*** Opening DATASET ENTRIES ***

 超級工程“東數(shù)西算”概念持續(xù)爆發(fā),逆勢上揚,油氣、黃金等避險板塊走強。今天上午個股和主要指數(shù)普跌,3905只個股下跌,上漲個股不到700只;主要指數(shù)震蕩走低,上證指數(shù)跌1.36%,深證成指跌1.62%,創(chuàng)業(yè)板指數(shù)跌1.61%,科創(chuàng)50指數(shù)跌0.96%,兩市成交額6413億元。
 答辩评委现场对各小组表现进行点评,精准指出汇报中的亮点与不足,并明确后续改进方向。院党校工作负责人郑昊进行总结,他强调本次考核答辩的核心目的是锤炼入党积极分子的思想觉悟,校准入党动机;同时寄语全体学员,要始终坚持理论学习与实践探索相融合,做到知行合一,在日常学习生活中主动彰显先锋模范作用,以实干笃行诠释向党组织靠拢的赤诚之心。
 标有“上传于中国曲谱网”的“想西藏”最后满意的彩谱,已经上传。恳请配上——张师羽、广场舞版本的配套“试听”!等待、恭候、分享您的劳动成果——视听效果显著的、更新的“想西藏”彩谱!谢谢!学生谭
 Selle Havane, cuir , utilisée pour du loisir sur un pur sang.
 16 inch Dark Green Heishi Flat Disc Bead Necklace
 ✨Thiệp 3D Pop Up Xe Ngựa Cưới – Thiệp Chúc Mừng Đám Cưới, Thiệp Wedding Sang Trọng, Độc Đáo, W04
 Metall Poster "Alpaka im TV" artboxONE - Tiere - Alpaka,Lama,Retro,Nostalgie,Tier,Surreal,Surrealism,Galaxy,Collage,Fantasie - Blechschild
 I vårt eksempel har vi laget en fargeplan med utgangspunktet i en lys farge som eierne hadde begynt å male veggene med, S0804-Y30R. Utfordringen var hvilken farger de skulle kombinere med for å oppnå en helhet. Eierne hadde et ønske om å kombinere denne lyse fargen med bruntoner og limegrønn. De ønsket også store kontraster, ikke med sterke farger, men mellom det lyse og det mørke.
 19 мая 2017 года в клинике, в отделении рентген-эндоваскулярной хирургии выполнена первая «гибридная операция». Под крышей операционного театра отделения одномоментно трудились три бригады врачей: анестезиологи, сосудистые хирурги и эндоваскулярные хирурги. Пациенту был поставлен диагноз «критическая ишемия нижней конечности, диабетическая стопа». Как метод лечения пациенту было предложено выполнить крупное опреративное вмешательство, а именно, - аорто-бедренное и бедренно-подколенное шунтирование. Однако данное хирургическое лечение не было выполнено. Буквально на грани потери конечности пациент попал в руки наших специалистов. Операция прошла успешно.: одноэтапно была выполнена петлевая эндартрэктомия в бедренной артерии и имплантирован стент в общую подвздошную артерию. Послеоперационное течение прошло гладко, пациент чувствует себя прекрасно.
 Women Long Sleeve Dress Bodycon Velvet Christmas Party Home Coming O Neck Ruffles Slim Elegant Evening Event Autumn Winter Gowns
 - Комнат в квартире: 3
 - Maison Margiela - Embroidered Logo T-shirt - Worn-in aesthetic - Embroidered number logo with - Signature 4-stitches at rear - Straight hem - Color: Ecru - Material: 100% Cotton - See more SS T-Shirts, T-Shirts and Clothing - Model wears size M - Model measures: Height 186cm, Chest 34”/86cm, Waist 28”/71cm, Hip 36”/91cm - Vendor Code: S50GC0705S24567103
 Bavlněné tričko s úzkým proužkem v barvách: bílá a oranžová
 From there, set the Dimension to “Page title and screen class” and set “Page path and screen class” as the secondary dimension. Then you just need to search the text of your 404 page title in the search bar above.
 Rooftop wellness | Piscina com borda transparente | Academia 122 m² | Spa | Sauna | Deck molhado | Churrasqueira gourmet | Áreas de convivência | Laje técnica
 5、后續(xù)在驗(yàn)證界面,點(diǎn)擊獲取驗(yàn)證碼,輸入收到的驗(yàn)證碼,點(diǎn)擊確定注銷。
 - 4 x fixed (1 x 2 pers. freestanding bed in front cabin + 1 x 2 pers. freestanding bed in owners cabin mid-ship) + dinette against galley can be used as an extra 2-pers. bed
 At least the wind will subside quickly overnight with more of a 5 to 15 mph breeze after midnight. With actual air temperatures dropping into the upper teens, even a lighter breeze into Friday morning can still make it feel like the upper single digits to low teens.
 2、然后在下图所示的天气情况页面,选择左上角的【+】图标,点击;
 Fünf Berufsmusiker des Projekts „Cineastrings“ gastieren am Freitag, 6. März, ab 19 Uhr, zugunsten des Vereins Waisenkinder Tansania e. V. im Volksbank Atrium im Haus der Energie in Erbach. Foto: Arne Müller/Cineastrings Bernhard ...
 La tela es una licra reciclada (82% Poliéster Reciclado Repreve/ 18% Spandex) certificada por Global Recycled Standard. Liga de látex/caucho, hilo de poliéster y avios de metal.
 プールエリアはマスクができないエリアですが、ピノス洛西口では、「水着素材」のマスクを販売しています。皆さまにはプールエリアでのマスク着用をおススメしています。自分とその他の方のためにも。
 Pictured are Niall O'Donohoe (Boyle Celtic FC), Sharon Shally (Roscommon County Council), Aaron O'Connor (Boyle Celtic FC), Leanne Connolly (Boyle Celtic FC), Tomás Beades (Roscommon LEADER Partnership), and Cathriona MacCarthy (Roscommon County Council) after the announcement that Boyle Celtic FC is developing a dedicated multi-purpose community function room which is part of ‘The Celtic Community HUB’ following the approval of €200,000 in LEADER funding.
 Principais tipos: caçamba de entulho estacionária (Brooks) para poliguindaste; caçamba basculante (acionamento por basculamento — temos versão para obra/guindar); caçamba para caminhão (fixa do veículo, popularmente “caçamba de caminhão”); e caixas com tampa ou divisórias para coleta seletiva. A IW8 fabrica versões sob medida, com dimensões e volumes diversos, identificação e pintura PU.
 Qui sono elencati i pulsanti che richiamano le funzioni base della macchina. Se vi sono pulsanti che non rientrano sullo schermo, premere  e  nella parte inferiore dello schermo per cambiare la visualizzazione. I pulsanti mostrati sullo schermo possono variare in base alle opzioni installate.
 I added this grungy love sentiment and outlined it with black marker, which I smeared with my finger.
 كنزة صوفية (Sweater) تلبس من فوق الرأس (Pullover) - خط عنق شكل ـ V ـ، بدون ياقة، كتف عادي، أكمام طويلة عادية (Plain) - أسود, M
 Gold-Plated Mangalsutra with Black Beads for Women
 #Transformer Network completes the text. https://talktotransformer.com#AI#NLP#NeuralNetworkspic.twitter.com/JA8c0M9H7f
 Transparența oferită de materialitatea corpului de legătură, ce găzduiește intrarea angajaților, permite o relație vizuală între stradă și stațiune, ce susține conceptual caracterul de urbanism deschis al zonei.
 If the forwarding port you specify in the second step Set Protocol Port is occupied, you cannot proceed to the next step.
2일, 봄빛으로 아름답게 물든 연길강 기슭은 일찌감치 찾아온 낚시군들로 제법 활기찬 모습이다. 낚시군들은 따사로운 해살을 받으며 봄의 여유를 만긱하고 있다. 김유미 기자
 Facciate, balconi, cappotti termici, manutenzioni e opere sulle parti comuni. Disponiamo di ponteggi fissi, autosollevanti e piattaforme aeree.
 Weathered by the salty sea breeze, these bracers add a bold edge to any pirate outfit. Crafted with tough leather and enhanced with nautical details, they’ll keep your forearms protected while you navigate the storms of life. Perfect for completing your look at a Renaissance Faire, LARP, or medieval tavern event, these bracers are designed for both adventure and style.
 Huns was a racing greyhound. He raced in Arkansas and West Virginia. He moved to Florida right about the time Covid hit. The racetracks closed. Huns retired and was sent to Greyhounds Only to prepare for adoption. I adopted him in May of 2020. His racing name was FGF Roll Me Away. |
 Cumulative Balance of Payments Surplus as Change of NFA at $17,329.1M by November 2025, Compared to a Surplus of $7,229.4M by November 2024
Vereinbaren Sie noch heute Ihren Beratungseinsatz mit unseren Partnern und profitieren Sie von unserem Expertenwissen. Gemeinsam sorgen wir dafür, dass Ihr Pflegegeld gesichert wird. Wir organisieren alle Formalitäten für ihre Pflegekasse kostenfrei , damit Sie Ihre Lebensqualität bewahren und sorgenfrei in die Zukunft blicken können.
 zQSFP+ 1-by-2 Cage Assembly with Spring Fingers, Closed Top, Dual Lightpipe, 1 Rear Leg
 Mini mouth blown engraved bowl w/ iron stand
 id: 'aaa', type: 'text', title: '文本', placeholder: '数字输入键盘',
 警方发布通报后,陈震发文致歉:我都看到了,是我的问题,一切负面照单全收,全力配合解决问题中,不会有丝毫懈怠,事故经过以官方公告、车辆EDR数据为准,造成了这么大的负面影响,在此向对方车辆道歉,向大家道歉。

*** Closing DATASET ENTRIES ***

Could you return exactly the lines above from the line with "La tela es una" to the line with "كنزة صوفية (Sweater)", both included, and nothing else?

 La tela es una licra reciclada (82% Poliéster Reciclado Repreve/ 18% Spandex) certificada por Global Recycled Standard. Liga de látex/caucho, hilo de poliéster y avios de metal.
 プールエリアはマスクができないエリアですが、ピノス洛西口では、「水着素材」のマスクを販売しています。皆さまにはプールエリアでのマスク着用をおススメしています。自分とその他の方のためにも。
 Pictured are Niall O'Donohoe (Boyle Celtic FC), Sharon Shally (Roscommon County Council), Aaron O'Connor (Boyle Celtic FC), Leanne Connolly (Boyle Celtic FC), Tomás Beades (Roscommon LEADER Partnership), and Cathriona MacCarthy (Roscommon County Council) after the announcement that Boyle Celtic FC is developing a dedicated multi-purpose community function room which is part of ‘The Celtic Community HUB’ following the approval of €200,000 in LEADER funding.
 Principais tipos: caçamba de entulho estacionária (Brooks) para poliguindaste; caçamba basculante (acionamento por basculamento — temos versão para obra/guindar); caçamba para caminhão (fixa do veículo, popularmente “caçamba de caminhão”); e caixas com tampa ou divisórias para coleta seletiva. A IW8 fabrica versões sob medida, com dimensões e volumes diversos, identificação e pintura PU.
 Qui sono elencati i pulsanti che richiamano le funzioni base della macchina. Se vi sono pulsanti che non rientrano sullo schermo, premere  e  nella parte inferiore dello schermo per cambiare la visualizzazione. I pulsanti mostrati sullo schermo possono variare in base alle opzioni installate.
 I added this grungy love sentiment and outlined it with black marker, which I smeared with my finger.
 كنزة صوفية (Sweater) تلبس من فوق الرأس (Pullover) - خط عنق شكل ـ V ـ، بدون ياقة، كتف عادي، أكمام طويلة عادية (Plain) - أسود, M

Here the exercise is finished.